Giving Compass’ Take:
• Jessica Eise and Natalie White describe the climate threats that Colombian coffee farmers report, including drought, landslides, increased pest and disease, and irregular seasons.
• How can funders help Colombian coffee farmers adapt? Can these farmers survive more dramatic climate change?
• One way to help communities cope with climate change is to support the creation of a climate adaptation action plan, see an example here.
In Colombia’s coffee-producing region of Risaralda, small trees run along the sharp incline of the Andes Mountains, carefully tended in tidy rows. Thousands of green coffee berries turn brilliant red as they ripen, ready to be harvested by hand. The steep hills here prevent mechanized techniques.
Its unique geography makes Colombia one of the world’s greatest coffee-producing nations, selling US$2.64 billion of mild, high-altitude Arabica beans to countries around the world each year. Only Brazil and Vietnam export more coffee.
Despite their global reach, coffee farms in Colombia are generally family-owned and modest in size – perhaps 5 to 12 acres.
These fertile mountains already face weather-related risks, such as mudslides and erosion. Now, the country’s coffee region is increasingly vulnerable to climate change-induced disasters like flooding, drought, and invasive pests.
For the country’s 300,000 coffee producers, these extreme weather threats – coupled with the increasingly unpredictable seasons, crop disease and invasive insects associated with climate change – endanger their livelihoods.

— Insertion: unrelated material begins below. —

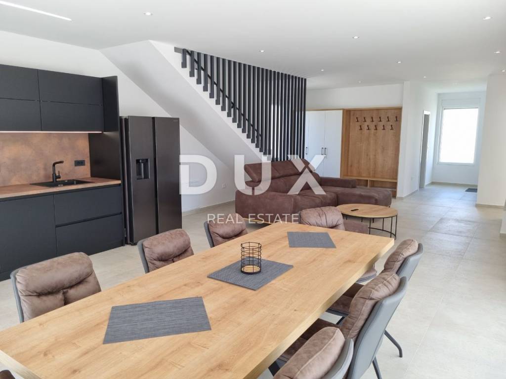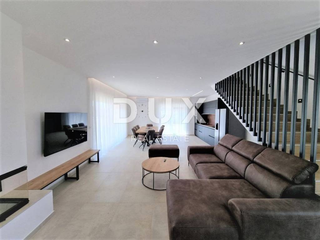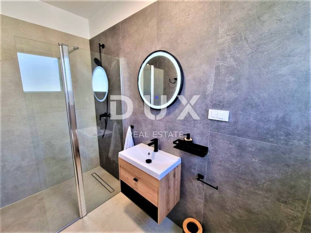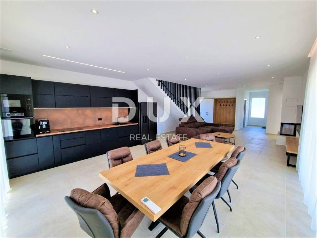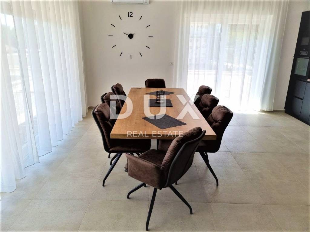 Sveti Lovreč is located in the middle of lush lavender fields in the western part of the Istrian peninsula, in the immediate hinterland of Vrsar, Poreč and Rovinj, and is one of the best preserved medieval fortified towns in Istria. The location of the small town on a gentle hill that dominates the area where as many as 22 settlements, villages and hamlets are scattered speaks of its significant role throughout history. Along the slightly indented western coast of Istria, there are several deep bays, of which the Lim Bay is partially part of the municipality of Sveti Lovreč. The Lim Bay is a natural phenomenon of great scientific and aesthetic value; it was declared a special reserve in the sea. This beautiful modern Villa represents an ideal combination of modern and Istrian style, located near Svetog Lovreč, in a quiet small village consisting of family houses and holiday homes. The villa extends over two floors. It has a total area of 198.82 m2 and is located on a plot of 792 m2. The ground floor of this villa consists of a porch, an entrance hall, a bathroom, a laundry room, a technical room, a storage room, a bedroom with a private bathroom adapted for people with disabilities, and a spacious living room with a dining room and a modern kitchen in an open space concept. From the living room there is direct access to the covered terrace and sunbathing area with a swimming pool, creating a perfect space for relaxation and enjoyment. The staircase leads to the first floor of this Villa, which consists of a hallway and three bedrooms, each with its own bathroom. All bedrooms have access to a covered balcony with beautiful views of nature. The rooms are fully equipped with quality furniture, satellite television and air conditioning, providing comfort and privacy. There is a swimming pool with internal dimensions of 9x3.5 meters in the beautiful garden. The pool has a concrete staircase, three jets near the stairs and two on the floor. It will be coated with D3 foil and the pool is prepared for heating, so all you have to do is install the pool heating device. Stones will be placed on all paths around the house, as well as on the beach by the pool. Artificial grass will be placed on one side of the pool to prevent dirt from entering the pool. The yard will be beautifully decorated with Mediterranean plants and grass will be planted on the back side of the house with an irrigation system. A metal fence will be placed around the Villa, on which a green fence will also be placed so that you have complete privacy while enjoying this Villa. There will be two entrances, one of which is an entrance via a remote-controlled electric fence. A spacious summer kitchen will be located by the pool, which will be covered on 3 sides plus blinds. The summer kitchen will have a large fireplace, gas grill and water. It will be connected to the house with sails so that you can enjoy the shade in the hot summer months. Next to the summer kitchen, there will be a children's park for the entertainment of the youngest members of the family. At the back of the Villa, there will be an object that will be anthracite black in color and will serve as a storage room for deckchairs and all other equipment. The facility will have water and electricity. Next to this building there will be a space for bicycles. There is also a parking lot that will be paved with paving stones measuring 30x60 cm. The parking lot is for two to three cars and will be covered in anthracite black. There will also be an electric charging station for your tin pets in the parking lot. The house has a bio septic tank. Video surveillance is installed around the entire Villa and there are a total of 7 cameras. The heating is via floor heating on a heat pump, which is carried through the entire house. Air conditioners and devices are installed in all rooms and are also used for heating and cooling. There is also a fireplace in the living room, so you have another heating source. Two solar panels for hot water are installed on the roof, and the boiler is 400 liters. The whole house is connected to a water purifier. This beautiful Villa has an additional advantage - from the end of the year it will be equipped with 13 electric solar panels, creating its own power plant of 7.4 kW. This will significantly reduce energy costs for future owners. The price includes high-quality custom-made furniture. Attention was also paid to indoor and outdoor lighting, which can be regulated. Mosquito nets are installed throughout the house, except for the large glass walls. Electric blinds are installed on the windows. The outer insulation is 10 cm, and the floor is 13 cm. The carpentry is made of PVC. The villa is finished and all that remains is to arrange the garden, swimming pool and outdoor facilities. By the end of 2023, the Villa will be completely finished, including landscaping of the garden, swimming pool and outdoor facilities. In about fifteen minutes you can already be in Poreč, Vrsar and on the well-maintained beaches. The first shops, restaurants and other facilities are located in Sveti Lovreč and you can be there in just a few minutes. This villa represents an excellent opportunity for family life, a luxurious vacation from the stress of city life in the Mediterranean climate or as a financial investment for rental.

Our research team went to Colombia in early 2018 to talk with the coffee farmers of Risaralda about how they are adapting to climate change.
We asked 45 farmers questions that tapped into the farmers’ own conceptualization of climate change.
Over 90 percent of the coffee farmers reported changes in average temperature. Seventy-four percent said droughts had gotten longer and worse, and 61 percent reported an increase in mountainside erosion and landslides because of more rain.
The farmers also perceived impacts of these environmental changes on their crops. Ninety-one percent reported changes in the flowering and fruiting cycles of the coffee plants. Seventy-five percent had noticed an increase in pests, and 59 percent reported an increase in crop disease.